───── Material for this task
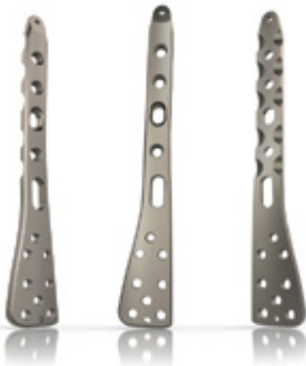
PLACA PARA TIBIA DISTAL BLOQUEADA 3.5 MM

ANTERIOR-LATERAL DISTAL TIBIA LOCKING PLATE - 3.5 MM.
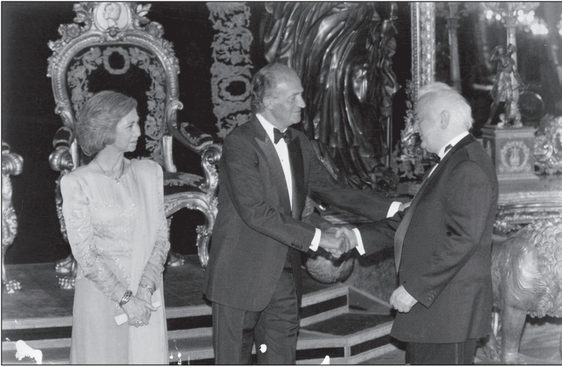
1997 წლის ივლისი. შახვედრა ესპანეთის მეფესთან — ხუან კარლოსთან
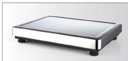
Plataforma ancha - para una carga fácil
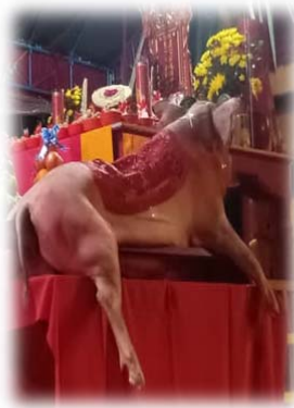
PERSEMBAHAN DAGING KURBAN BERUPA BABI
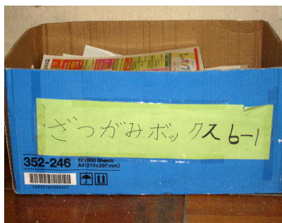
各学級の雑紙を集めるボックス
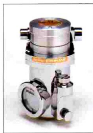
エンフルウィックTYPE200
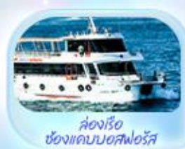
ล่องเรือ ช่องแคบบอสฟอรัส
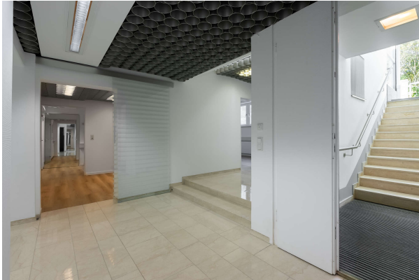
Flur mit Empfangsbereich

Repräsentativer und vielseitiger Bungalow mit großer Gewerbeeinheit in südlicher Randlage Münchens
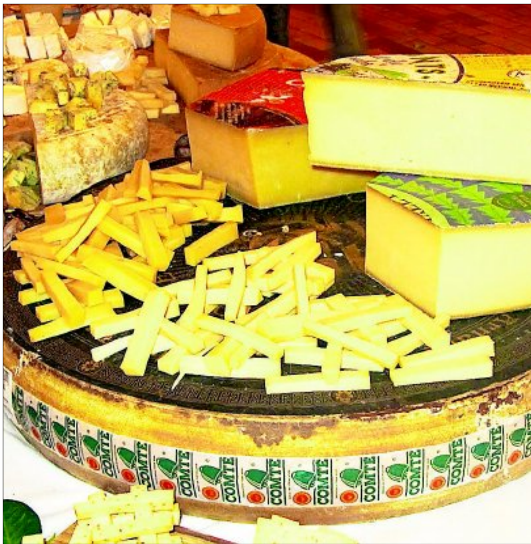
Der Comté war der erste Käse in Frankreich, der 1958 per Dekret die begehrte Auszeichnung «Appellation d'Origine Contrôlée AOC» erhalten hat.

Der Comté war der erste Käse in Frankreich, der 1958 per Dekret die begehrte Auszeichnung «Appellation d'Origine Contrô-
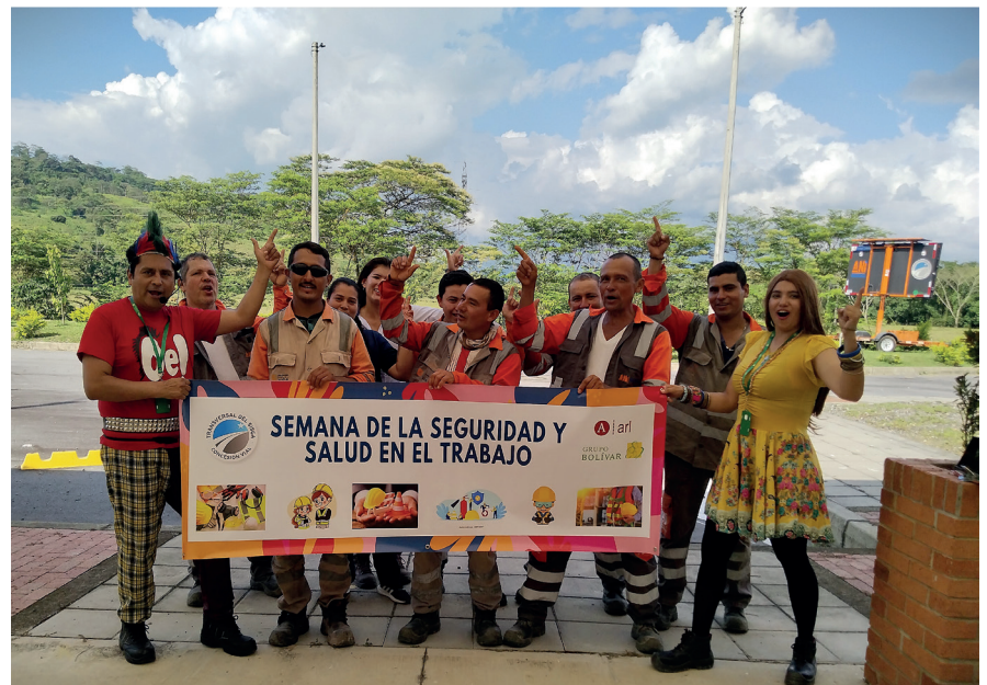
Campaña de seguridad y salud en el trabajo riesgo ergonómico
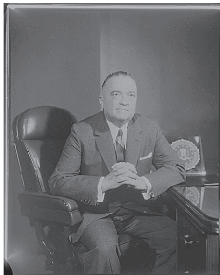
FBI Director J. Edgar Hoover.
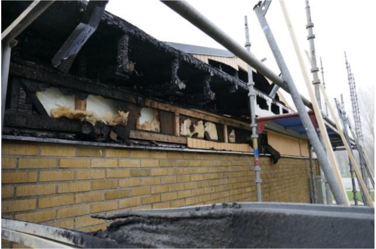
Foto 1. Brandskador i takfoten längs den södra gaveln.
──────────
> _Work order_: Output every record exactly, minus the pictures.

> _Written response_:
PLACA PARA TIBIA DISTAL BLOQUEADA 3.5 MM

ANTERIOR-LATERAL DISTAL TIBIA LOCKING PLATE - 3.5 MM.
1997 წლის ივლისი. შახვედრა ესპანეთის მეფესთან — ხუან კარლოსთან
Plataforma ancha - para una carga fácil
PERSEMBAHAN DAGING KURBAN BERUPA BABI
各学級の雑紙を集めるボックス
エンフルウィックTYPE200
ล่องเรือ ช่องแคบบอสฟอรัส
Flur mit Empfangsbereich

Repräsentativer und vielseitiger Bungalow mit großer Gewerbeeinheit in südlicher Randlage Münchens
Der Comté war der erste Käse in Frankreich, der 1958 per Dekret die begehrte Auszeichnung «Appellation d'Origine Contrôlée AOC» erhalten hat.

Der Comté war der erste Käse in Frankreich, der 1958 per Dekret die begehrte Auszeichnung «Appellation d'Origine Contrô-
Campaña de seguridad y salud en el trabajo riesgo ergonómico
FBI Director J. Edgar Hoover.
Foto 1. Brandskador i takfoten längs den södra gaveln.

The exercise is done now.